'En ik niet naar school,' zegt Maurits, 'ik wil bij vader in de winkel.'
'Daar spreken we nog wel over,' antwoordt vader, heel zachtjes, maar hij heeft tranen in zijn ogen. Ik zou ook wel van school willen en in de winkel komen werken. Maar Saartje is dood, zij kan geen examen meer doen. Ik zit in de derde, het is mijn beurt. Als ik ook van school ga, is het allemaal voor niets geweest. We zijn ook al voor niets uit Tuindorp gegaan.
Naar bed nu. Morgen zal ik me nog meer schamen, in de klas, want ze hebben het natuurlijk gehoord, van Saartje, en dan weet ik helemaal niet meer wat ik tegen ze moet zeggen.
Ik ga de trap op, naar boven.
'Welterusten lieve Saartje,' heel zachtjes zeg ik het in mezelf, ze mogen het beneden niet horen.
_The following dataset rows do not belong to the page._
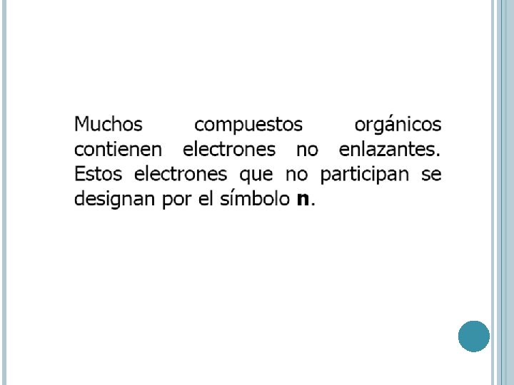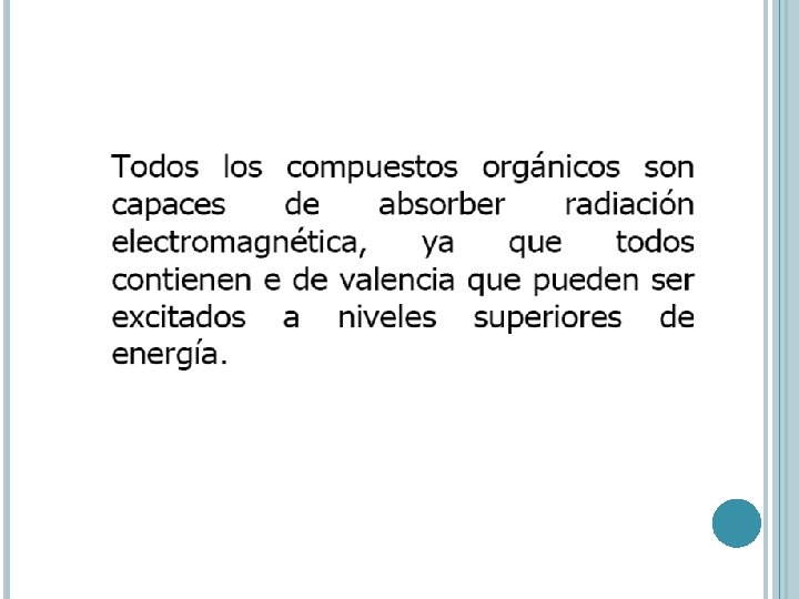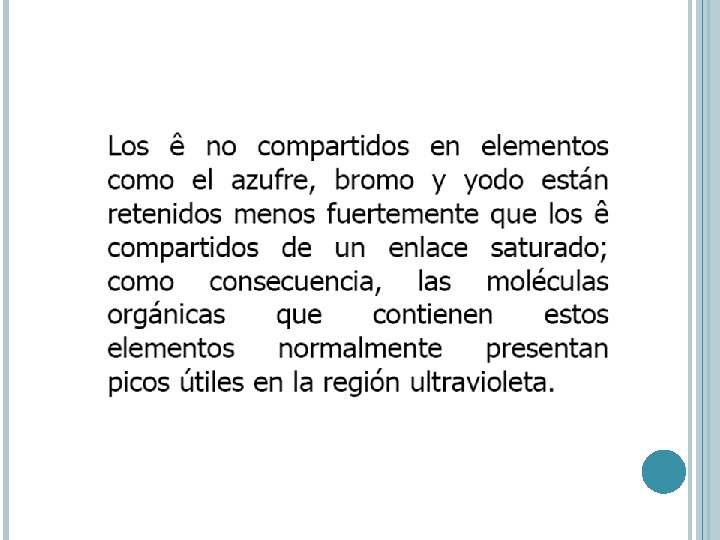 Los electrones que contribuyen a la absorción en el UV-VIS son los compartidos que participan en la formación del enlace entre átomos y los que están unidos a más de un átomo.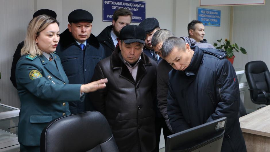 Преподаватель Академии пограничной службы информирует участников мероприятия о возможностях Академии по обучению офицеров пограничного контроля, Алматы, 27 февраля 2018 года.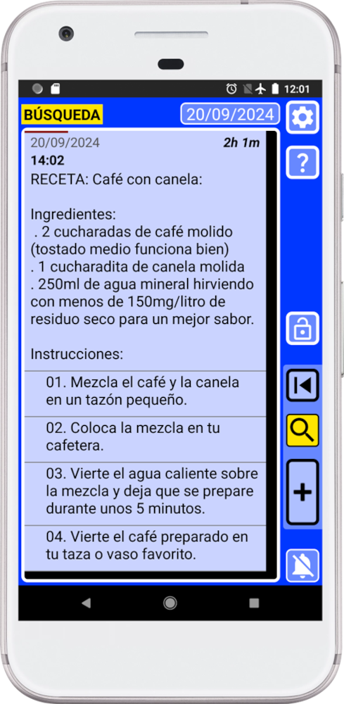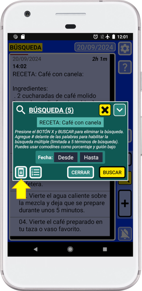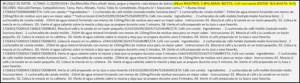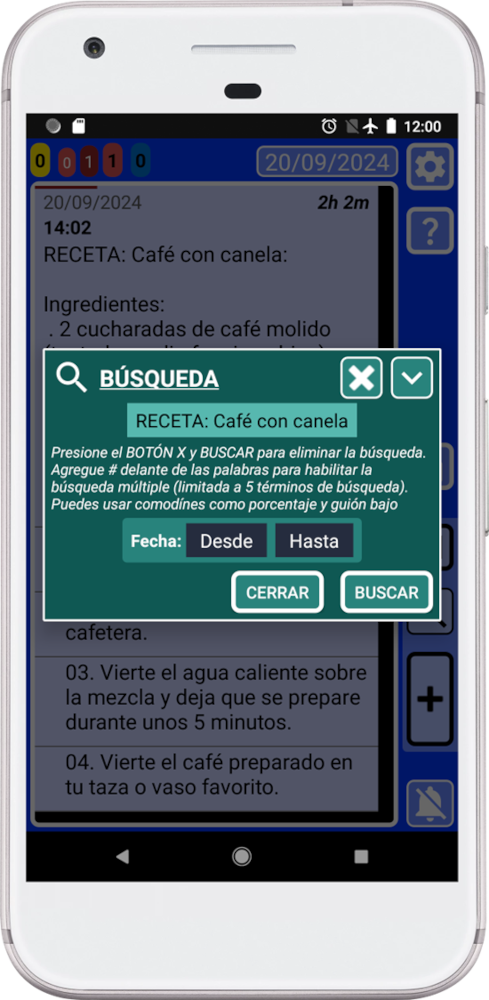 en la ventana principal (azul) y escribe algo que solo esté presente en el/los registro/s que estamos buscando, en este caso “RECETA: Café con canela”:
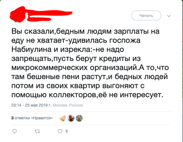А взбеситься были причины. Согласно недавнего проса, почти 1/4 россиян экономит на еде - это значит, что им не хватает зарплат на нормальное пропитание, не говоря уже о путешествиях, развлечениях или просто сбережениях. Из-за этого многие прибегают к займам в микро финансовых организациях (МФО), что ещё больше усугубляет ситуацию. Пользователи сети отмечают: «Людей из квартир выгоняют!», - говоря о последствиях займов, которые Набиуллина поощряет.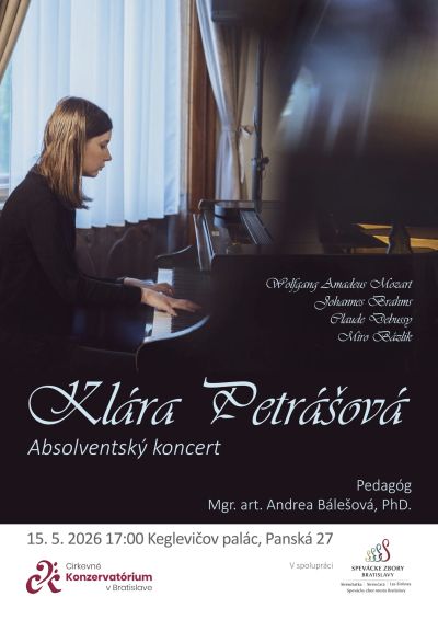 Absolventský koncert Kláry Petrášovej sa uskutoční 15. mája 2026 o 17:00 v Keglevičovom paláci na Panskej ulici v Bratislave .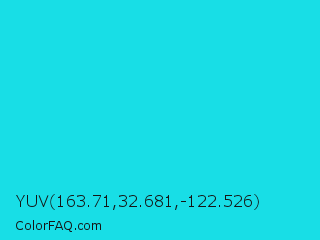 YUV 163.71,32.681,-122.526 Color is a normal cyan color and the nearest color is Bright Turquoise #08e8de. Hex code #18dee6 and RGB value is rgb(24,222,230). In RGB color space, this color is composed of 9% red, 87% green, 90% blue, In CMYK color space, this color is composed of 90% cyan, 3% magenta, 0% yellow , 10% black , In HSL color space, this color has a hue angle of 182° , 81% saturation and 50% lightness.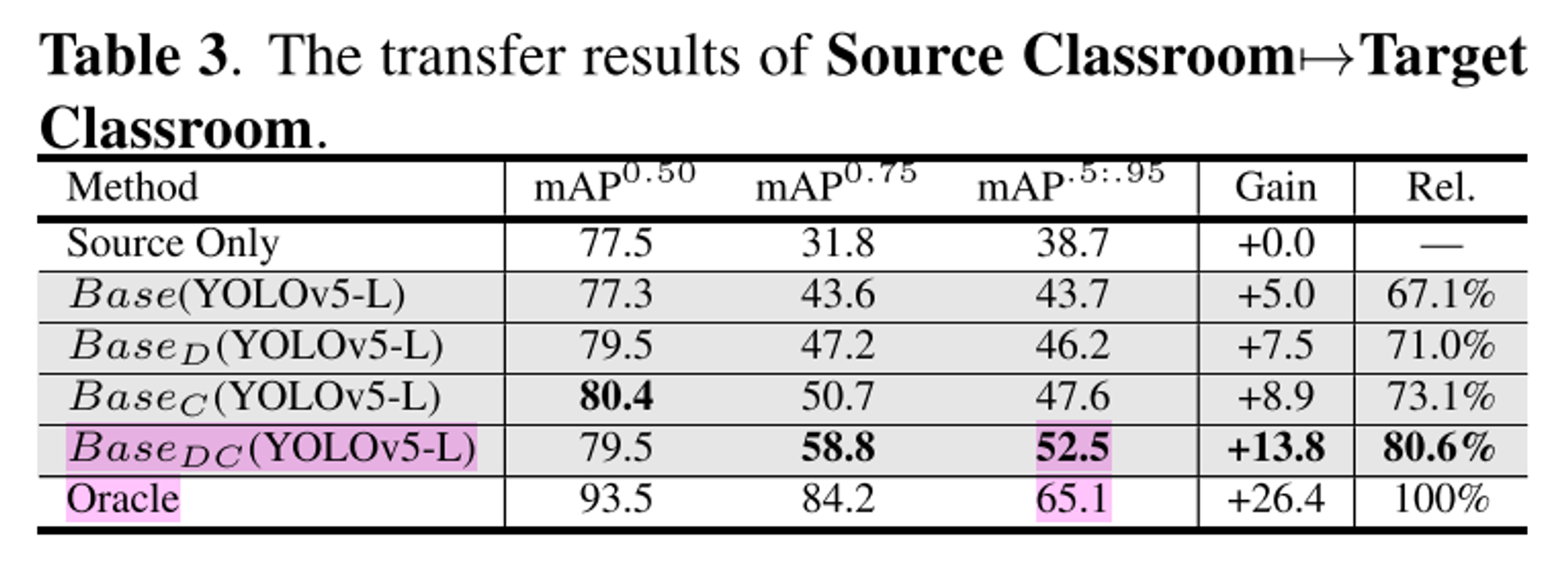 - Base_DC와 Oracle 사이에 여전히 gap이 존재하기는 하지만 실제 교실에서 cross-domain behavior detection에서 accuracy degradation을 완화할 수 있었다.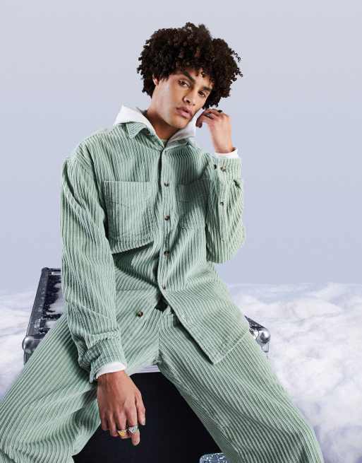 Camisa color menta extragrande con diseño irregular de pana de ASOS DESIGN (parte de un conjunto)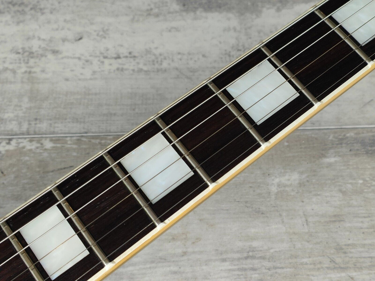 Made by the Matsumoku factory in late 1978, the LP-600R is a rarer-than-most three-pickup Les Paul Custom from Aria Pro II. Mahogany body with a slim 60's three-piece maple neck and bound rosewood fretboard, it weighs a very reasonable 4.3kg's (making it much more playable than some of the 5kg builds from a similar era). Loaded with three Matsumoku T-Top humbuckers controlled by 3V, 1T wiring.
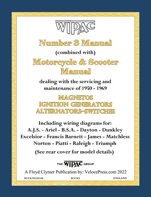 Wipac issued two ring-bound versions of this manual. The first was titled 'Number 3 Manual' and the second 'Motorcycle & Scooter Manual' but unfortunately, the publication dates of the individual pages were not identified. However, based on the contents, we can estimate that they were published in 1964 and 1969 approximately. The later manual contains considerably more information plus numerous updates to the data in the earlier manual. Unfortunately, some of the information from the earlier manual was also omitted from the later manual as it was probably considered to be outdated. However, as that outdated information is of significant interest to today's owners and restorers, we have combined the entire data from both manuals into a single publication. Please note, that wherever the earlier data had been updated, we have only included the latest update in order to prevent duplication of information. This 'combination' manual includes alternator and generator testing and servicing instructions, spare parts illustrations and part numbers plus Technical Data Sheets and Service Bulletins that provide additional information due to model updates and/or electronic equipment modifications. It also includes wiring diagrams by individual model type including: A.J.S., Ariel, B.S.A., Dayton, Dunkley, Excelsior, Francis-Barnett, James, Matchless, Norton, Piatti, Raleigh (mopeds) and Triumph. The entire content of this publication is devoted to the operation, testing, servicing, maintenance, overhaul and adjustment of all the major Wipac electrical components utilized by the various manufacturers listed above. Out-of-print and unavailable for many years, these manuals are extremely difficult to find on the secondary market and we are pleased to be able to offer this combined reproduction as a service to all owners, restorers and enthusiasts of 1950-1969 Wipac equipped motorcycles, scooters and mopeds. Wiring diagrams that are included - by manufacturer and model type: A.J.S. - Model 14, 14S, 14CS, 14CSR & Model 8.ARIEL - Colt & Pixie. B.S.A. - C10L, Bantam, Dandy, Sunbeam (Scooter) & Beagle.DAYTON - Flamenco Scooter & Albatross Scooter.DUNKLEY - Whippet (Scooterette).EXCELSIOR - Talisman.FRANCIS-BARNETT - Cruiser 80, Trials 83, Cruiser 84, Trials 85, Plover 86, Falcon 87, Model 88, Cruiser 89 & Cruiser 91.TrimJAMES - Commodore, Super Swift, Comet, Scooter, Flying Cadet, Captain, M.I5 & M.16.MATCHLESS - Model G2, G5, G2S, G2CS & G2CSR. NORTON - Jubilee, Navigator & Electra.PIATTI - Scooter.RALEIGH - Moped RM.8 & RM.9.TRIUMPH - T10 Scooter, T20 Super Cub, Tina Scooter &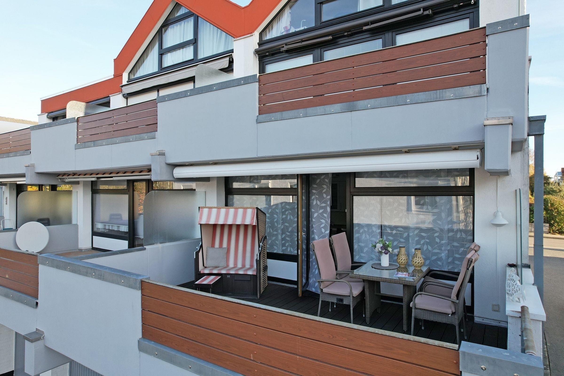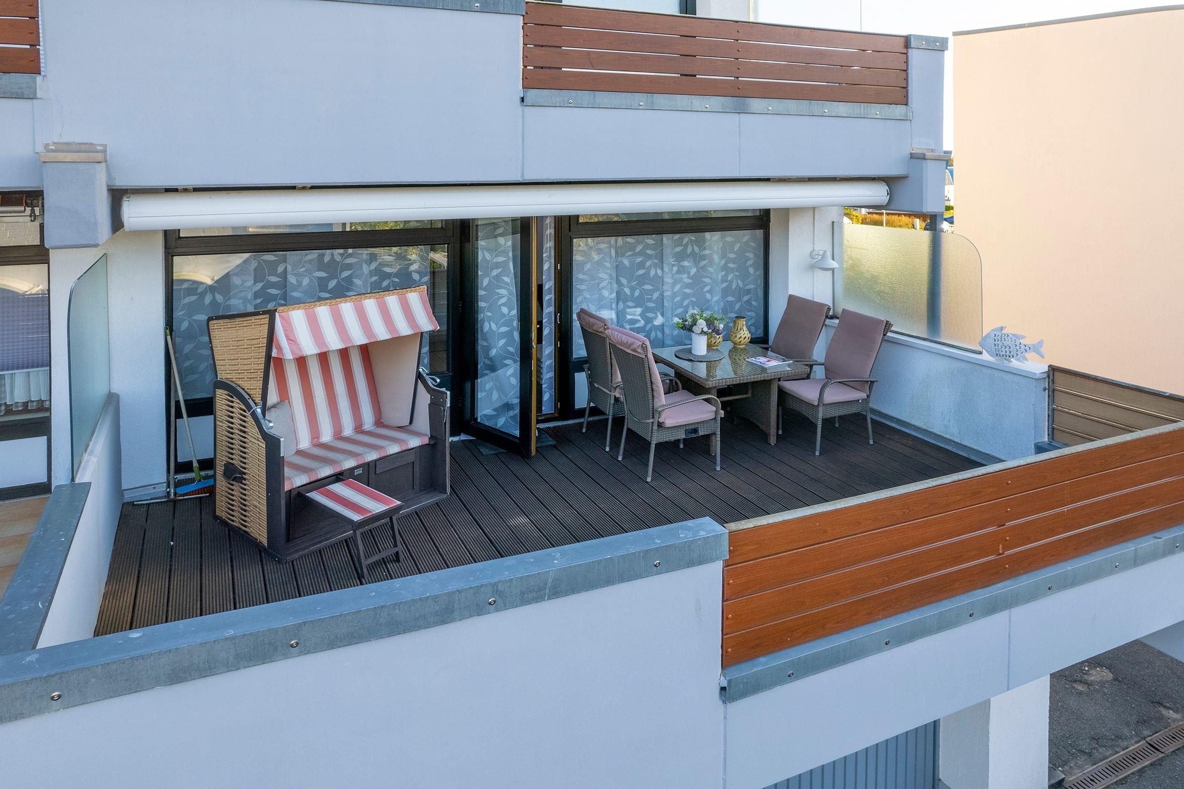 Diese moderne, ca. 49 m² große 3-Zimmer-Ferienwohnung in Hanglage bietet Ihnen eine ca. 20 m² große Holzterrasse mit Strandkorb und Markise, die für Erholung sorgt.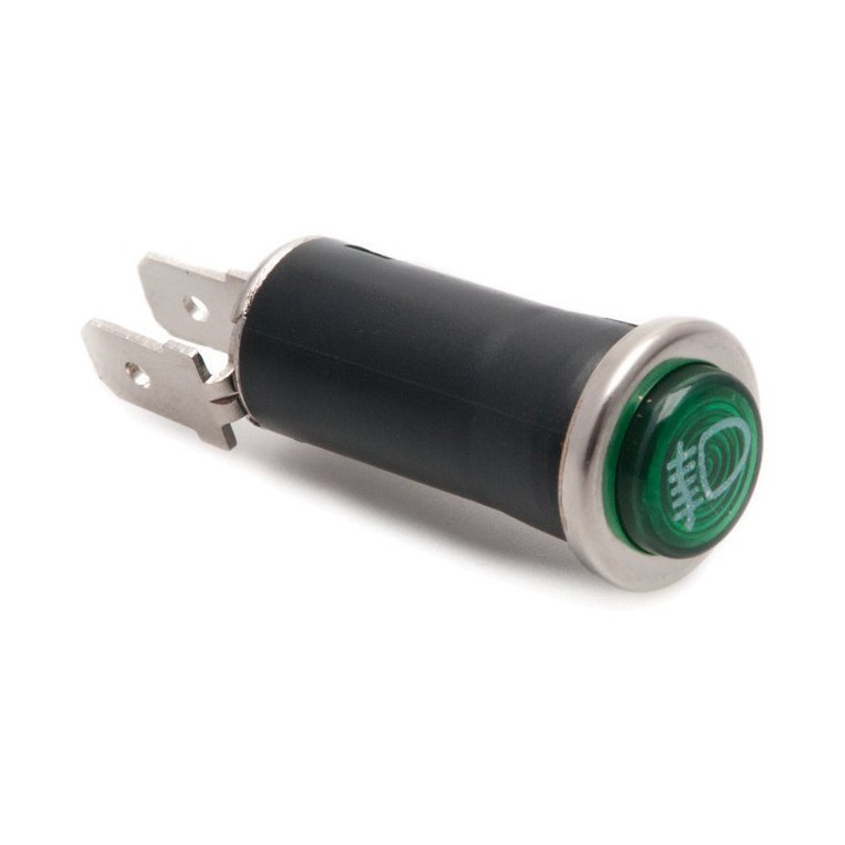 16mm diameter, requires hole 13mm diameter and a bulb LLB281 (order separately). Green lens with fog lamp symbol. A range of warning lamps of this type is available with different symbols and in various colours.
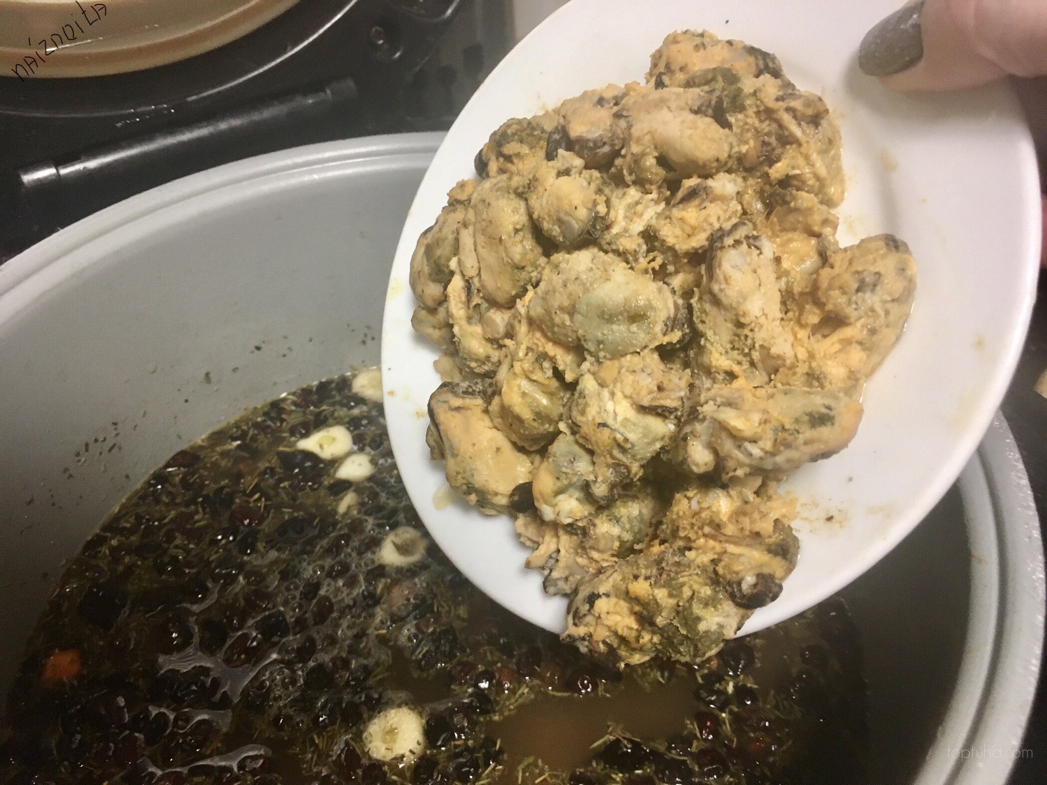 Куриную грудку рубим кусками, чтобы удобно было совать в ротовую полость. А вот обжаривать куру или нет - личное дело каждого. Следом плюхаем в варево мидии.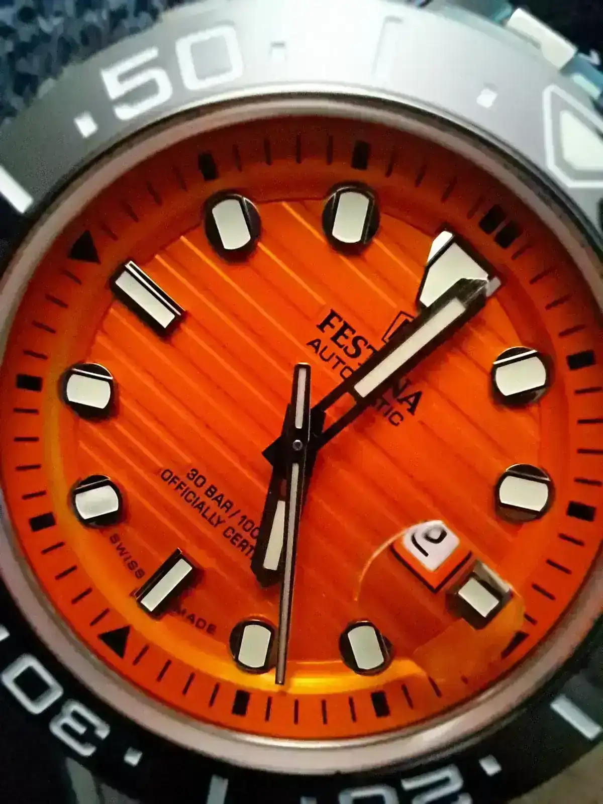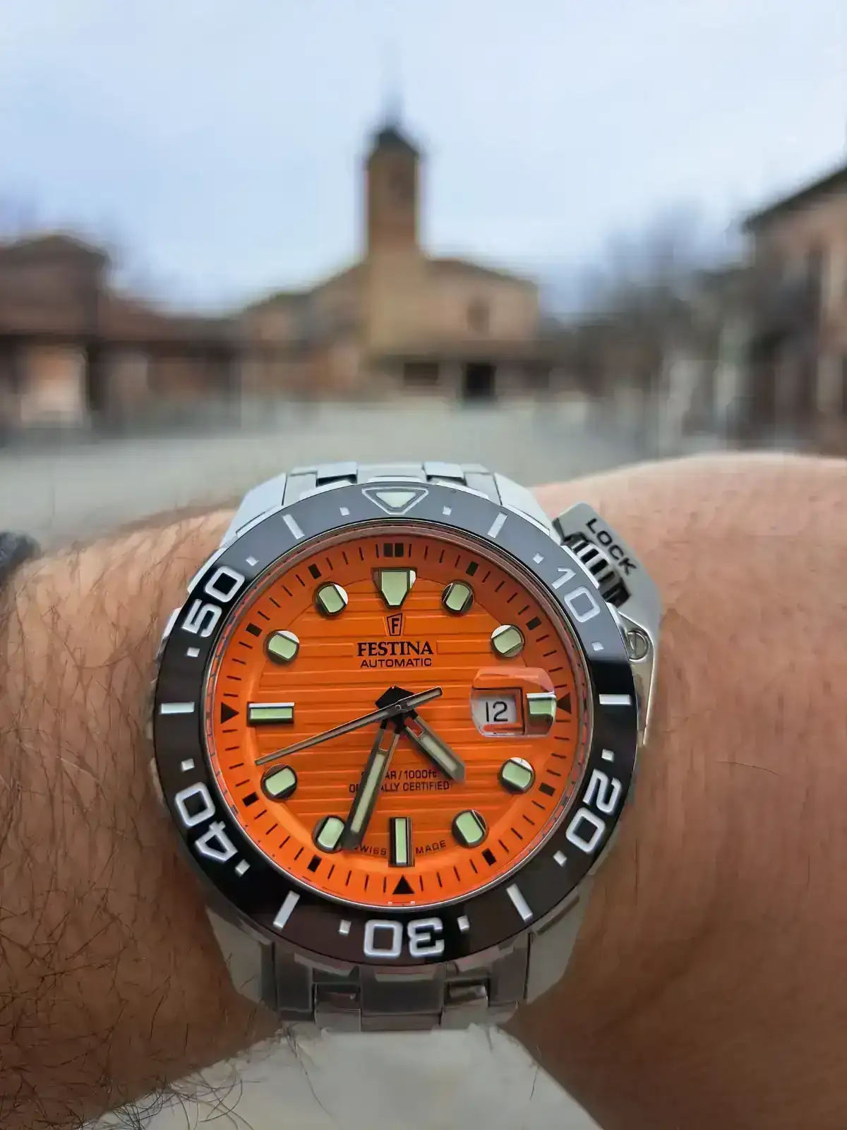 Se trata del Festina Diver, suizo, con el dial naranja (estaba entre este y el amarillo) y sus 47mm de ancho de caja.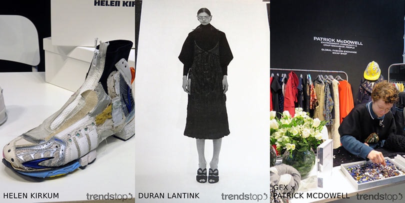 Giving garments a second life and reusing materials rather than producing from new is an industry shift being embraced by many designers and brands. Helen Kirkum creates one-off sneakers from used sneaker components while Duran Lantink took a wry look at repurposing fast fashion garments in his Stolen by Duran display. Having stated that he will not show any new clothes this season, designer Patrick McDowell became the curator and host of a collaborative swap shop concept with the Global Fashion Exchange where visitors could swap their own garments for pre-loved designer pieces donated by designers and celebrities.
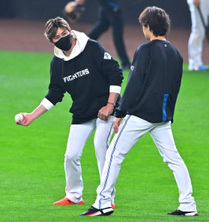 5日の楽天戦試合前練習で、新庄監督と話す鈴木(右)

Het kamertje is nu van mij, het had van Saartje zullen worden. In de kast hangt haar mantel. Hij is ook gestopt aan de zak zie ik nu, voor het eerst. Ik aai er over, hij is zo zacht als een poes. In een van de zakken zit een zakdoek, ongewassen.
Het bed was ook van haar, nu is het van mij. Dacht ik maar niet zulke slechte dingen, was ik maar doodgegaan in plaats van Saartje.